Eventual pivot to fintech: there is a large opportunity in becoming a digital bank / financial distribution platform, offering a full stack of financial services to LatAm’s massive and under-banked middle class
Scale brings challenges: As a behemoth, Mercado Libre faces multiple challenges – like managing organizational scale for 7,000 people, tackling cultural, legal, HR, and regulatory issues.
Chile is one of South America’s newest and most westernized countries. It is rich in natural resources, especially in the “big four”: Solar, Salmon (#2 in the world), Mining (Copper mining makes up 20% of Chilean GDP and
60% of exports), Other Agri-tech (wine, etc.)
Investment theses sector-wise break up:
Rest (Fintech, Edu, Retail) 39%
Country facts – Pop 18M / GDP $277B / Growth 4% / GDP Per Capita $26,000 Ranking in market sizes : Brazil -> Mexico ->Colombia -> Argentina -> Chile
Chile is making a big push to boost FDI /VC / startup investments. Sodimac (a GreyOrange customer), Startup Chile, and other Government-sponsored incentives akin to Singapore’s are boosting entrepreneurship
The most Westernized, business-friendly, and stable government in theregion, Chile also boasts the highest business-friendly rankings in LatAm and is #20 in the world.
High startup cred – Startup Chile, Endeavor, Strong MIT / University of Chicago linkages
The LatAm venture opportunity…..insights from a VC panel featuring Kazsec Ventures (leading growth VC), Lissandro Bill (father of LatAm VC) and other local – mainly Argentine – VCs
Kazsec was co-founded by a group of (again!) Stanford alums. Their Fund I boasts 24 portfolio companies, Fund II 20, and Fund III has 20 projected companies. Their aggregate AUM is US$600M. A huge inflection point for the VC industry occurred in the 2000s, and Argentina is now in its second wave, driven by:
The emergence of Argentina from economic crises
A critical mass of users and speed of processing
Best startups getting as many as 3-4 term sheets, with a host of Asian players also entering
Recent breaking news – Softbank’s US$5bn dedicated LatAm fund
All platform roads lead to “fintech”!
Digital bank in Brazil: With 6mn active users Nubank claims to be the largest online bank outside China. Nubank boasts of high customer loyalty and profitability and was set up in 2013 to disintermediate poor service from existing physical banking incumbents. Its success shows in its valuation of US$4bn.
The sector holds significant promise, naturally but is not without its set of challenges: a lack of critical mass in individual countries, inconsistency of
connectivity, and founders sometimes behaving in an insular manner satisfied with “just Brazil”.
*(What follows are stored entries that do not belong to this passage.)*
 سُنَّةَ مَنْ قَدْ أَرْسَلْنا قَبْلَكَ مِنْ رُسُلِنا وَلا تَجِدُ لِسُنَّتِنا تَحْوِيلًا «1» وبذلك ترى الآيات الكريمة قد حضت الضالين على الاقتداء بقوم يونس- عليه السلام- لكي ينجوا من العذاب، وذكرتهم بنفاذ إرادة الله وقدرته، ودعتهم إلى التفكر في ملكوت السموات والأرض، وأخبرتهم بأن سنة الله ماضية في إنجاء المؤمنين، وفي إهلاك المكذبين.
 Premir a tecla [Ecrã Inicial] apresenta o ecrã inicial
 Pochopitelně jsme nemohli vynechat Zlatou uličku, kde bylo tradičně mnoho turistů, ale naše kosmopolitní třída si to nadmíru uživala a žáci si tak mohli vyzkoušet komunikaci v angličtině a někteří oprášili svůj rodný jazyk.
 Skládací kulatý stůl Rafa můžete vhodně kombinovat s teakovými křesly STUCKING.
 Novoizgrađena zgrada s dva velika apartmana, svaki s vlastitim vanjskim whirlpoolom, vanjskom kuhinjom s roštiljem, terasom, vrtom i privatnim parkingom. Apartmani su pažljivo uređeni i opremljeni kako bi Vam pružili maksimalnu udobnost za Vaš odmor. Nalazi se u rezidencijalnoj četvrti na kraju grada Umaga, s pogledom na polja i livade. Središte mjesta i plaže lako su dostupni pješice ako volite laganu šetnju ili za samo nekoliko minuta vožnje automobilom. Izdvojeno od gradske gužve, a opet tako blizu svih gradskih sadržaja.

LatAm countries are akin to India and also SE Asia. Other than Brazil (Portuguese), the common Spanish language in all other countries makes expansion and penetration seamless
Key investment theses: Fintech, Agri-tech, Retail & E-commerce, and even Deep Tech given US affiliations (strong MIT and University of Chicago connections in tech and economics respectively)
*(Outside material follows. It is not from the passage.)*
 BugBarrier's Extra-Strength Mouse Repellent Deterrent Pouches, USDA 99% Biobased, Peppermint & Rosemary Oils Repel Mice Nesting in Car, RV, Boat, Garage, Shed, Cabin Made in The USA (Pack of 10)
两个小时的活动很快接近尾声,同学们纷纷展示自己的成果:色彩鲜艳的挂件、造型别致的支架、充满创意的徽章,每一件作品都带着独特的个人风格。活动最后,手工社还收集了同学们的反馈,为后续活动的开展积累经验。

Fintech & Financial Services distribution are a key area for innovation, opportunities, and thus investment
Given an overall small pool of VCs (Manutara and Draper Cygnus are both sub $50M, for example), the venture ecosystem is highly collaborative. However, at the other end of the spectrum, you have Kazsec at US$600mn
Partnerships with VCs and portfolio companies present the best entry strategy into LatAm.
I’d like to thank Christian, Pablo, and Antonio at Manutara, and Diego and Diego, and Ignacio for warmly hosting us. You showed us the best of your wonderful continent’s culture, cuisine, and vibrant hospitality, besides showcasing your emerging stars and present and potential unicorns. The parallels with India were really insightful, which also helped us to understand the opportunity effortlessly.
Thanks also to Tim Draper, Gabe Turner and Team DVN for masterminding and pulling off the intense and inspiring week-long visit.